Start of MATERIAL SUPPLIED

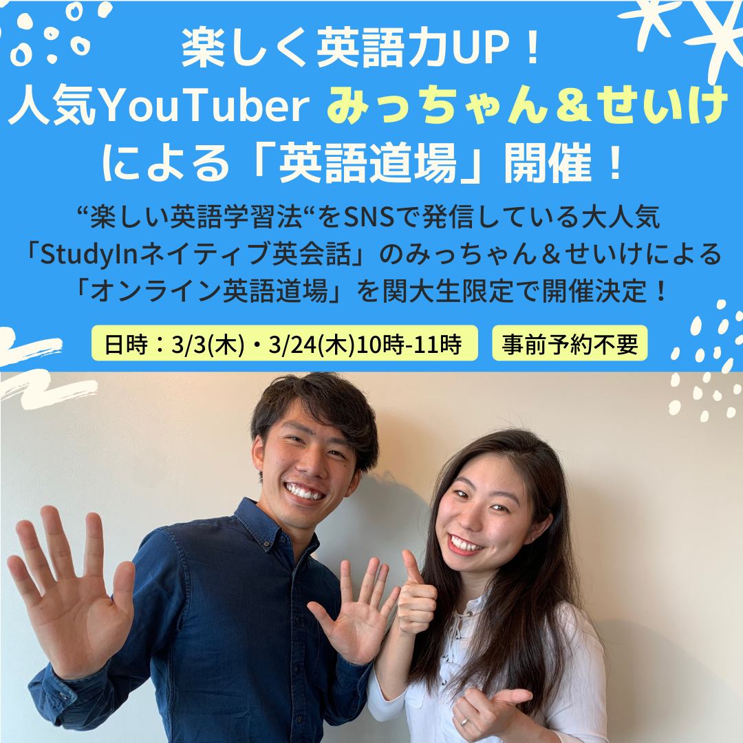 “楽しい英語学習法“を日々SNSで発信している大人気「StudyInネイティブ英会話」のみっちゃん&せいけによる「オンライン英語道場」を関大生限定で2日間にわたって開催決定!
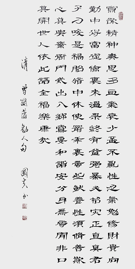 理论上学习了西汉时代蔡邕写的《笔论》《九势》、隋唐时代虞世南写的《笔髓论》、两宋时黄庭坚写的《论书》、元代赵孟頫写的《论宋十一家书》、清代宋曹写的《书法有约》、近代沈伊默写的《书法论》。从这些书论中了解了解先祖对书法艺术的思考经验,总结论述。这对其临习碑帖有很大的提示作用。尤其前些年得到了蒋维崧、刘炳森等导师的亲承善诱、传道、释疑。使其对书法艺术有了更深的理解,创作能力有了新的提高。其作品多次参加全国大赛。作品《古诗四首》《毛泽东诗词》入展多项邀请展、中日首届精英邀请展。九十年代获得“中华杯”“希望杯”、全国书画比赛青年组一、二等奖。作品曾发表在《北京晚报》《天津日报》《德州日报》上。2012年12月在全国书画比赛中获一等奖。2020年被评为“民族艺术领军人物”。
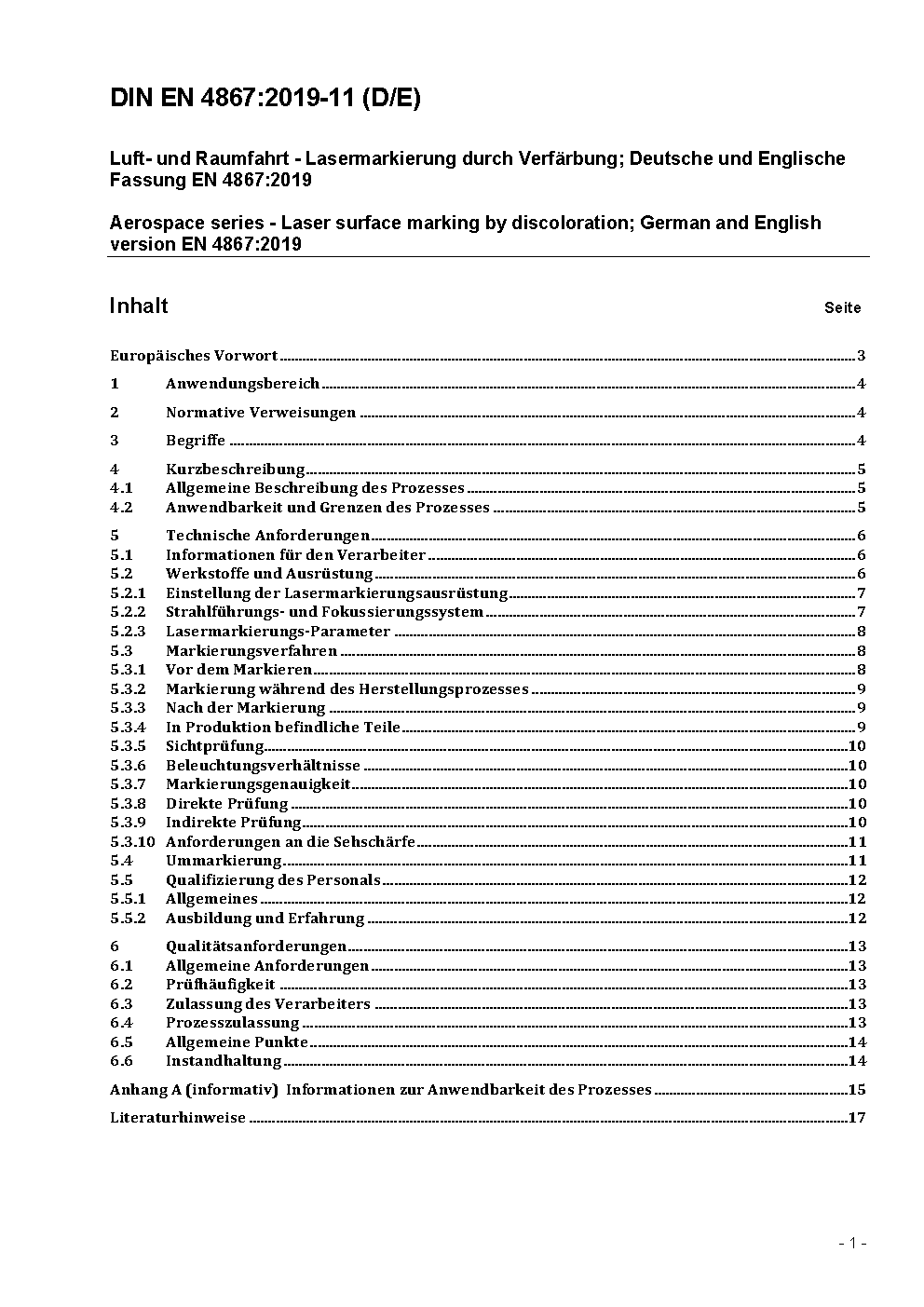 Luft- und Raumfahrt - Lasermarkierung durch Verblassen; Deutsche und Englische Fassung FprEN 4867:2018
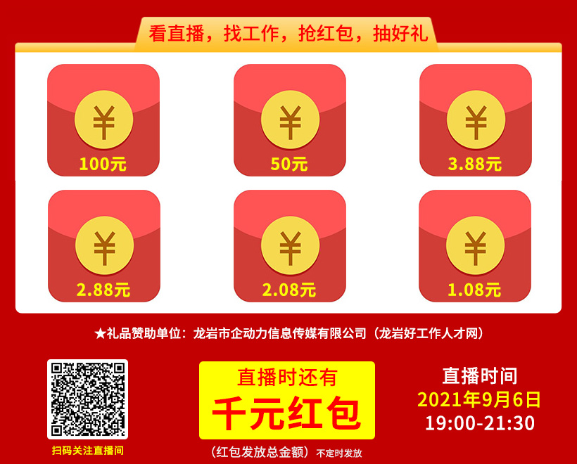 【直播回放】龍巖市人力資源超市2021年“龍巖學子家鄉(xiāng)行”直播帶崗招聘會
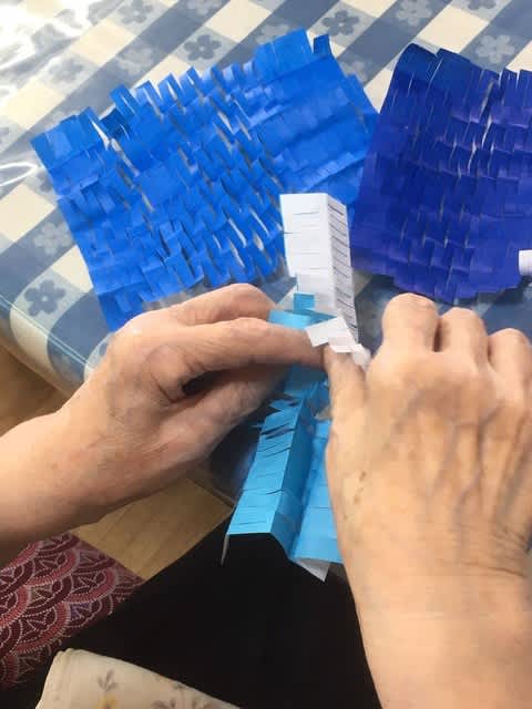 このような創作活動は利用者様に楽しんでいただくことはもちろんのこと、指先を動かすことで脳の活性化のリハビリテーションになると考えています。

End of MATERIAL SUPPLIED

■ **WHAT IS REQUIRED**:
From the first line to the last, reproduce the records above exactly and skip the pictures.

■ **OUTPUT FOR THIS EXERCISE**:
 “楽しい英語学習法“を日々SNSで発信している大人気「StudyInネイティブ英会話」のみっちゃん&せいけによる「オンライン英語道場」を関大生限定で2日間にわたって開催決定!
 理论上学习了西汉时代蔡邕写的《笔论》《九势》、隋唐时代虞世南写的《笔髓论》、两宋时黄庭坚写的《论书》、元代赵孟頫写的《论宋十一家书》、清代宋曹写的《书法有约》、近代沈伊默写的《书法论》。从这些书论中了解了解先祖对书法艺术的思考经验,总结论述。这对其临习碑帖有很大的提示作用。尤其前些年得到了蒋维崧、刘炳森等导师的亲承善诱、传道、释疑。使其对书法艺术有了更深的理解,创作能力有了新的提高。其作品多次参加全国大赛。作品《古诗四首》《毛泽东诗词》入展多项邀请展、中日首届精英邀请展。九十年代获得“中华杯”“希望杯”、全国书画比赛青年组一、二等奖。作品曾发表在《北京晚报》《天津日报》《德州日报》上。2012年12月在全国书画比赛中获一等奖。2020年被评为“民族艺术领军人物”。
 Luft- und Raumfahrt - Lasermarkierung durch Verblassen; Deutsche und Englische Fassung FprEN 4867:2018
 【直播回放】龍巖市人力資源超市2021年“龍巖學子家鄉(xiāng)行”直播帶崗招聘會
 このような創作活動は利用者様に楽しんでいただくことはもちろんのこと、指先を動かすことで脳の活性化のリハビリテーションになると考えています。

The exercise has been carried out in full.